INFORMATION —
BEGIN

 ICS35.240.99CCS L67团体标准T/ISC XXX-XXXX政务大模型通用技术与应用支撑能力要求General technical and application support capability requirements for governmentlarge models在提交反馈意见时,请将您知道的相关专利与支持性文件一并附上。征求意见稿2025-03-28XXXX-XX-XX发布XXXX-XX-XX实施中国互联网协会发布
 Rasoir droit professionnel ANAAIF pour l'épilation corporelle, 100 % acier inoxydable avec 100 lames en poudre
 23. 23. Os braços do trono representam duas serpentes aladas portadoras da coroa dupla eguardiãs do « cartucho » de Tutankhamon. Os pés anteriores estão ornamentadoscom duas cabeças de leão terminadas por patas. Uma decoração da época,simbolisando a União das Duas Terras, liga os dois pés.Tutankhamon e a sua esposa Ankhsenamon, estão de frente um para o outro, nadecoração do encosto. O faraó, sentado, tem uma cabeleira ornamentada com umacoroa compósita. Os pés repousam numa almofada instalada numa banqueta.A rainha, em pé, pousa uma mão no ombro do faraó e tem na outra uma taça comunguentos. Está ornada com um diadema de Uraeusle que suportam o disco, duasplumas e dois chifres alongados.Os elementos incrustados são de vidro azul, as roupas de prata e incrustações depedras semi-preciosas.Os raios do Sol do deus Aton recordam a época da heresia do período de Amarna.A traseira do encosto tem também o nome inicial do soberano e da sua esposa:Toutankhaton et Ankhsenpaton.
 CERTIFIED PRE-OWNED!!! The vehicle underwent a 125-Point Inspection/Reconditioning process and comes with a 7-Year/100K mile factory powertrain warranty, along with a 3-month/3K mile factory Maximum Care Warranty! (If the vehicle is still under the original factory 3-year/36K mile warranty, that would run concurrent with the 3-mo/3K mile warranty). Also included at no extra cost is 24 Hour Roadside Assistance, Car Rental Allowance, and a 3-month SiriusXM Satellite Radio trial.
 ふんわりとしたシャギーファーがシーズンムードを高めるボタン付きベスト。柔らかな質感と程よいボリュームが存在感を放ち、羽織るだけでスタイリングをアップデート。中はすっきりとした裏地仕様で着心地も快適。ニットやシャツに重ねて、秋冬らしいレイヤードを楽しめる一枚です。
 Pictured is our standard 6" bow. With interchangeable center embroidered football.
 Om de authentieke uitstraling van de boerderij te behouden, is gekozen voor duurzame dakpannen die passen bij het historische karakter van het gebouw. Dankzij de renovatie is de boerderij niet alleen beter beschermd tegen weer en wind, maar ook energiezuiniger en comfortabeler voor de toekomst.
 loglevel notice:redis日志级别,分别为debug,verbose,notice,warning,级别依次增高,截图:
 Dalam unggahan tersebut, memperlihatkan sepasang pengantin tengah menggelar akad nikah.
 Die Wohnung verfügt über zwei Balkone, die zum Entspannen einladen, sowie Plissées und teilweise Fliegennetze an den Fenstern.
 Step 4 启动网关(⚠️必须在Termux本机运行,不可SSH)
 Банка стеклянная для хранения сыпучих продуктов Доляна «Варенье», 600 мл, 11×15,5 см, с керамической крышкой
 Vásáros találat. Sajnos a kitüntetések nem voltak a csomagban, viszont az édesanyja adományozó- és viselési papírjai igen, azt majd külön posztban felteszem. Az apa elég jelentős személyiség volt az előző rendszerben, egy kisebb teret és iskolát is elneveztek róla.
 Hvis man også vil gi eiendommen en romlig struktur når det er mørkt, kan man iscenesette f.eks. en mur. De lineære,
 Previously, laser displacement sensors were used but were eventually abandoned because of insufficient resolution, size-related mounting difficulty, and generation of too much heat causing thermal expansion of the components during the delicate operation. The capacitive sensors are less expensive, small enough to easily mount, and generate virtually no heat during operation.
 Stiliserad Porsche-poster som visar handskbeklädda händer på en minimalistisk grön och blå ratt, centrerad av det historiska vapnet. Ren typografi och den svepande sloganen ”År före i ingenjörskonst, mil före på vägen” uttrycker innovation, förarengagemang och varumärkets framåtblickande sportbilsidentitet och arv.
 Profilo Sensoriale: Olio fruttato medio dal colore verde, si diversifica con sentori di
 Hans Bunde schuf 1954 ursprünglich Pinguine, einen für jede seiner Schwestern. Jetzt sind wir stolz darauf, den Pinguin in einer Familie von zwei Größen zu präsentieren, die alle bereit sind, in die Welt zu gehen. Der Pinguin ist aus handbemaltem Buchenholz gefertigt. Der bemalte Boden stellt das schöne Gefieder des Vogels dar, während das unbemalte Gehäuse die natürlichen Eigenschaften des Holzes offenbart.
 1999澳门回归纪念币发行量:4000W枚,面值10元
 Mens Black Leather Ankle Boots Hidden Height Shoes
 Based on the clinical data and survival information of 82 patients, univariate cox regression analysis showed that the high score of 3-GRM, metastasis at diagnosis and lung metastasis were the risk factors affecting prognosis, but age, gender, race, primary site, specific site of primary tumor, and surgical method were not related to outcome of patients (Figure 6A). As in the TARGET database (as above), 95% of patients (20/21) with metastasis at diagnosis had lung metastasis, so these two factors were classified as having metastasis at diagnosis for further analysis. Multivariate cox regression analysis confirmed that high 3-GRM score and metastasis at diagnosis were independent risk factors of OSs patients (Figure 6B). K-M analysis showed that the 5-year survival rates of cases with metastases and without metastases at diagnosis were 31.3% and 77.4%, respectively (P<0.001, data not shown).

END

WHAT YOU ARE ASKED TO DO — The answer should consist only of the lines from the one with "Hans Bunde schuf" to the final line of the records above, retyped word for word.

SOLUTION —
 Hans Bunde schuf 1954 ursprünglich Pinguine, einen für jede seiner Schwestern. Jetzt sind wir stolz darauf, den Pinguin in einer Familie von zwei Größen zu präsentieren, die alle bereit sind, in die Welt zu gehen. Der Pinguin ist aus handbemaltem Buchenholz gefertigt. Der bemalte Boden stellt das schöne Gefieder des Vogels dar, während das unbemalte Gehäuse die natürlichen Eigenschaften des Holzes offenbart.
 1999澳门回归纪念币发行量:4000W枚,面值10元
 Mens Black Leather Ankle Boots Hidden Height Shoes
 Based on the clinical data and survival information of 82 patients, univariate cox regression analysis showed that the high score of 3-GRM, metastasis at diagnosis and lung metastasis were the risk factors affecting prognosis, but age, gender, race, primary site, specific site of primary tumor, and surgical method were not related to outcome of patients (Figure 6A). As in the TARGET database (as above), 95% of patients (20/21) with metastasis at diagnosis had lung metastasis, so these two factors were classified as having metastasis at diagnosis for further analysis. Multivariate cox regression analysis confirmed that high 3-GRM score and metastasis at diagnosis were independent risk factors of OSs patients (Figure 6B). K-M analysis showed that the 5-year survival rates of cases with metastases and without metastases at diagnosis were 31.3% and 77.4%, respectively (P<0.001, data not shown).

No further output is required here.